4. The Global Venue Collapse
Independent club survival rates 2019–2025:
- London −37 %
- Berlin −29 %
- New York −41 %
- Mexico City −38 %
- São Paulo −44 %
- Lagos −51 %
The survivors live on fan crowdfunding, sporadic government relief, or conversion into mixed-use spaces.
None of these models has proven durable at scale.
5. The Distraction Horizon
While artists and commentators argue about AI voice clones and deepfakes (valid concerns), the far larger structural transfer occurs in silence:
- Three conglomerates now control more than 70 % of major festival headline slots worldwide.
- The same private-equity groups own both the stages and significant stakes in defense technology.
- Intelligence-adjacent campuses increasingly house the agencies that decide which acts cross musical borders.

6. Five Questions the Industry Has Not Yet Answered
- When the same investors profit from both concert tickets and military contracts, do risk algorithms quietly favor “safe”, conflict-agnostic programming?
- When booking agencies share real estate with intelligence innovation programs, does any new category of information or influence appear that never reaches artists or audiences?
- When independent venues disappear and the remaining stages are owned by three groups, does artistic freedom increase, decrease, or merely change shape?
- When a streaming billionaire chairs a defense-tech unicorn while his platform patents biometric mood control, can the recommendation layer remain perfectly neutral?
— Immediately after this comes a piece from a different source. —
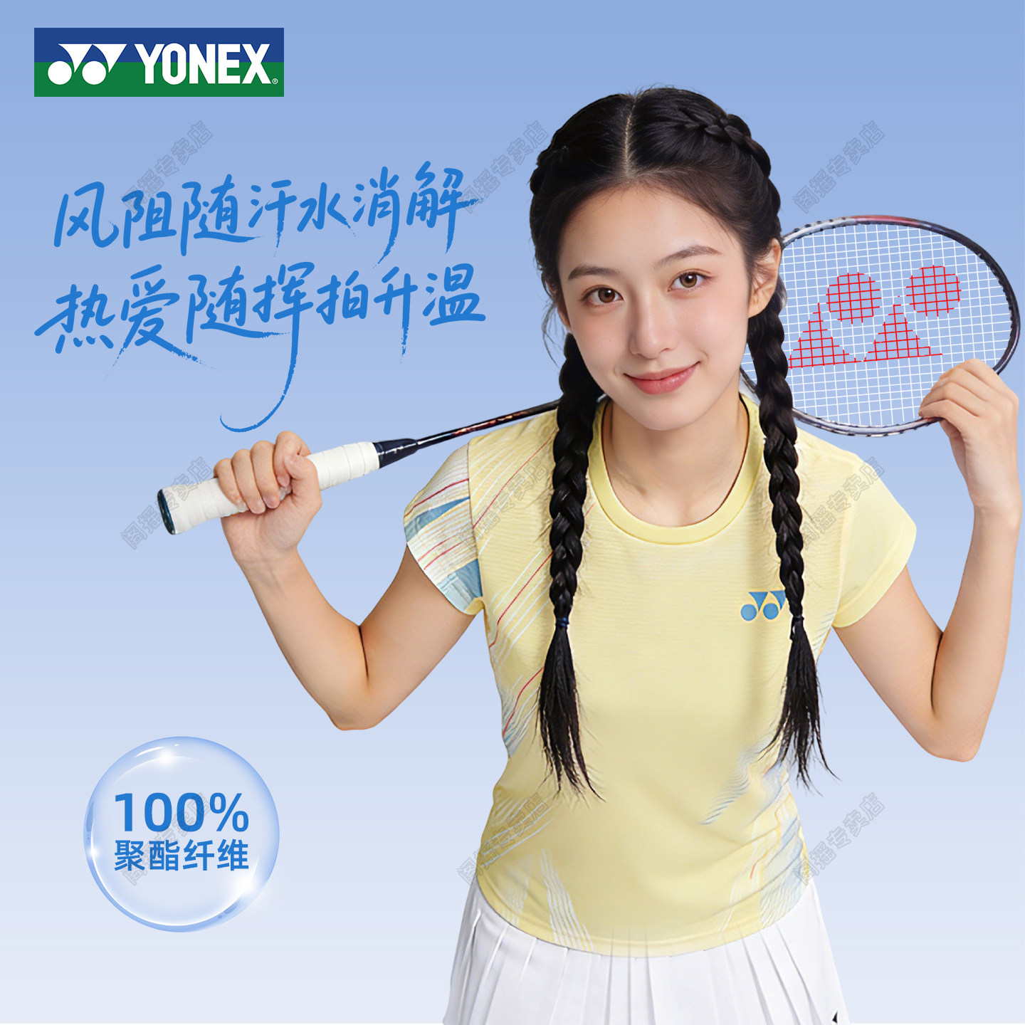 YONEX尤尼克斯羽毛球服女速干透气运动上衣短袖芥末黄yy2026新款

- Is the global music ecosystem becoming more efficient, more resilient, and more innovative – or simply more centrally managed?
Closing Observation
The architecture of music in 2025 is more sophisticated. It is more profitable and more concentrated than at any previous moment in history.
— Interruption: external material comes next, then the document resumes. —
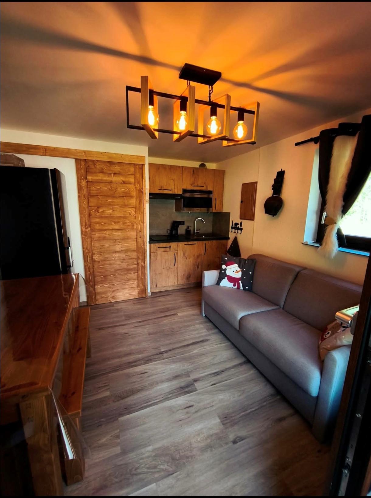 Joli petit chalet de 2 étages qui comprend une entrée avec rangements, une cuisine toute équipée ouverte sur le séjour avec un salon et son poêle à bois, le tout donnant accès à un balcon exposé plein sud.
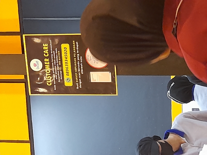 The image is of a customer service sign in a storefront in Nganjuk, Indonesia (latitude: -7.607, longitude: 111.904). The sign is black with white text and a green WhatsApp icon. It displays the phrase "Customer Care" along with instructions for customers with complaints or concerns. An individual, whose face is not visible, is standing in front of the sign. They are wearing a red shirt. Behind them, an individual with a black cap is wearing a gray polo shirt and a black face mask. A third person in the distance is partially visible and wearing a black hijab. The environment is an indoor space, with a blue wall and yellow trim. The top of a yellow ceiling tile is visible. The sign is attached to a vertical surface, and it is visible on the left and right sides of the image. The image is taken from the front, looking straight at the sign.

Is that concentration benign, offering better logistics, global reach, and professionalization? Is it neutral, simply capital doing what capital does? Or is it quietly corrosive, with reduced risk-taking, subtle chilling effects, and new vectors of influence? This is the defining open question of this decade.
Lisoro Magazine does not presume to settle it.
We only insist that the question now exists at planetary scale. Every artist, promoter, policymaker and listener deserves the clearest possible map. This should happen before the next round of ownership changes is finalized.